On 17/08/15 00:34, J. Landman Gay wrote:
You're right. It was also it increase the user base, which it did
considerably, so that LC would become better known and accepted
generally. As you say, the move to open source was also meant to allow
others to contribute to the engine so that fixes and new features
would be incorporated more quickly. Unfortunately that hasn't been the
case; except for a few skilled people (actually I can only think of
two offhand) the community has not done much there.
Contributing to the engine requires that LiveCode users have what is
called 'meta-knowledge', i.e. they understand other programming
languages (specifically C++ as I understand).
NOW, a long time ago, I contributed by making a different toolBar stack
(which was used by other people), and more recently I made a stack to
muck around with both the menuBar and the toolBar stacks: while these
are mainly cosmetic they can help people's work-flow.
The first toolBar stack went the way of all flesh at about version 2.1
because of a general interface change.
I would love to contribute a lot of stuff that I have stored on a
variety of hard drivers that I have accumulated over the last 14 years
or so: of varying utility - if I could find somewhere to store this
online (at no cost to myself as I have NO money), and where people could
get at it
because it was properly publicised (perhaps via the LiveCode webpage) I
would upload all of it is a shot.
OH! Where is the unified IDE that was waved around during the
Kickstarter thing, and doesn't seem to have come up on the 'Report Card'?
Now, if, coupled with the Open Source release there had been some sort
of details about how non-specialists could contribute that would
have been a great help.
Also, with the 'NON' nature of revOnline recently, and so on, a library
of reusable stacks/code snippets that is freely and universally available
has been a bit difficult . . .
Also: the Profit Motive is very strong . . . let's see some incentives,
however small, and that may drive user contributions up.
After all, at Primary schools kids collect stars . . .
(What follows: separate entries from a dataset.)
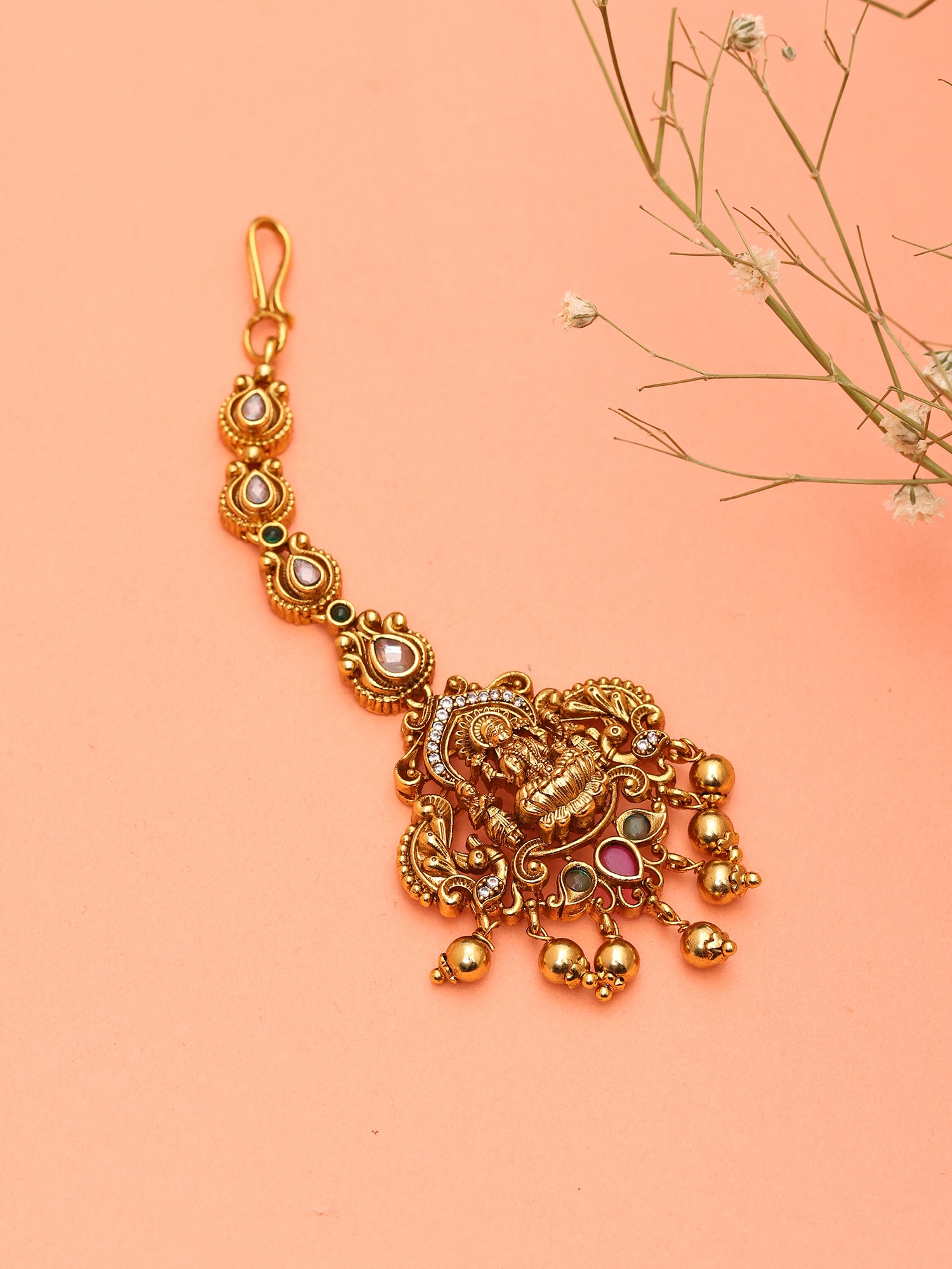 Temple-Style Goddess Lakshmi Maang Tikka with Pearl Drops
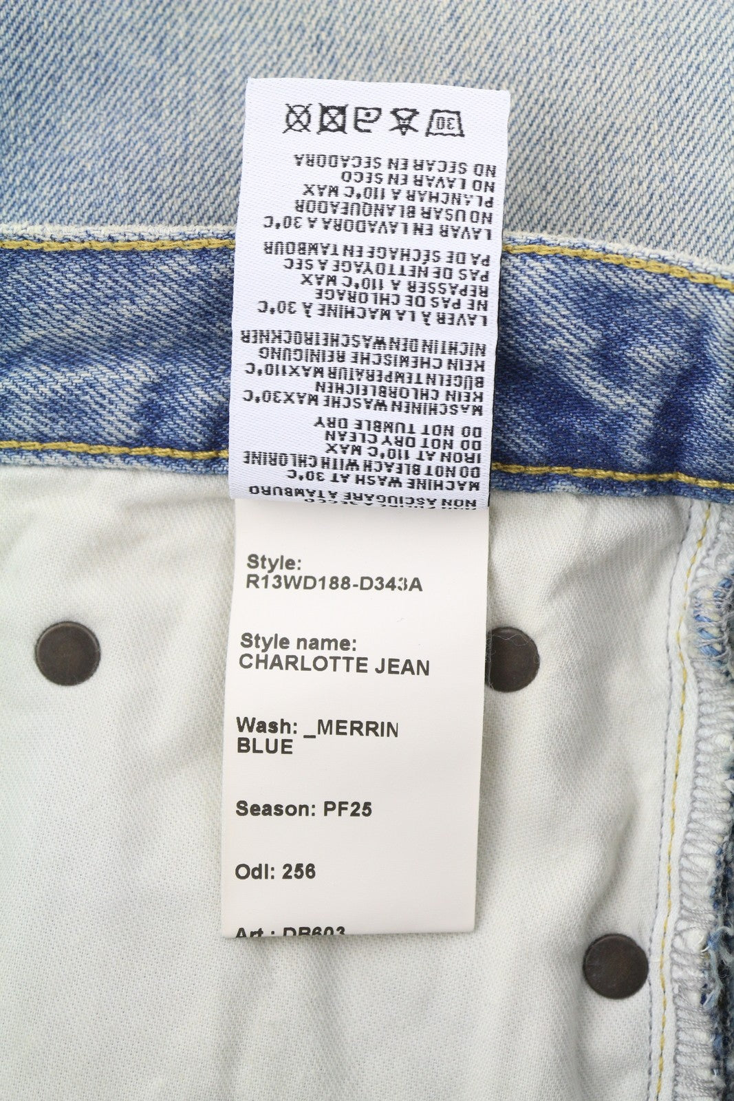 R13 Charlotte moteriški džinsai 24 Merrin mėlyni aukšta juostele, platėjančiomis klešnėmis, išblukintos PF25 RRP795
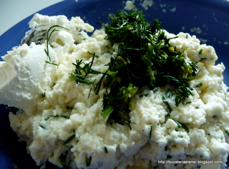 Le supunem unui proces de transformare intr-un amestec cremos prin adaugarea de smantana, chives tocat si marar. Nu va starniti nervii si sa le traumatizati cu mixerul, ca daca mai raman bucatele mici este mai rustic si mai bun, dupa parerea mea.
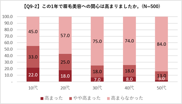 更に、この1年で眉毛美容への関心が高まったかの質問について、「高まった」(11.6%)あるいは「やや高まった」(21.4%)と答えた人を合計すると、約3人に1人が、眉への関心の高まりを感じていることがわかります。

I've contributed a tiny little bit to fix an IDE bug but that's about
as far as my own skills go.
I wonder what made the folks at LiveCode think that there were lots of
'experts' lurking out "there", when most people either
use LiveCode or use another language (such as C++) elsewhere?
Richmond.
On 8/16/2015 3:07 PM, Roger Eller wrote:
In my opinion, it was to give it a chance to grow, by incorporating
other
open tech, and also to just KEEP UP with the ever changing tech world
without consuming the inadequate resources of the mother ship.
On Aug 16, 2015 2:46 AM, "Terence Heaford" <t.heaf...@icloud.com> wrote:
On 16 Aug 2015, at 07:42, Kay C Lan <lan.kc.macm...@gmail.com> wrote:
I thought THE objective of the KickStarter Campaign was to make LC
Open
Source and Free to the Community. Wasn't that achieved? Everything
else
was
just secondary but in support of that goal.
Can you give us your opinion as to why LC was made Open Source?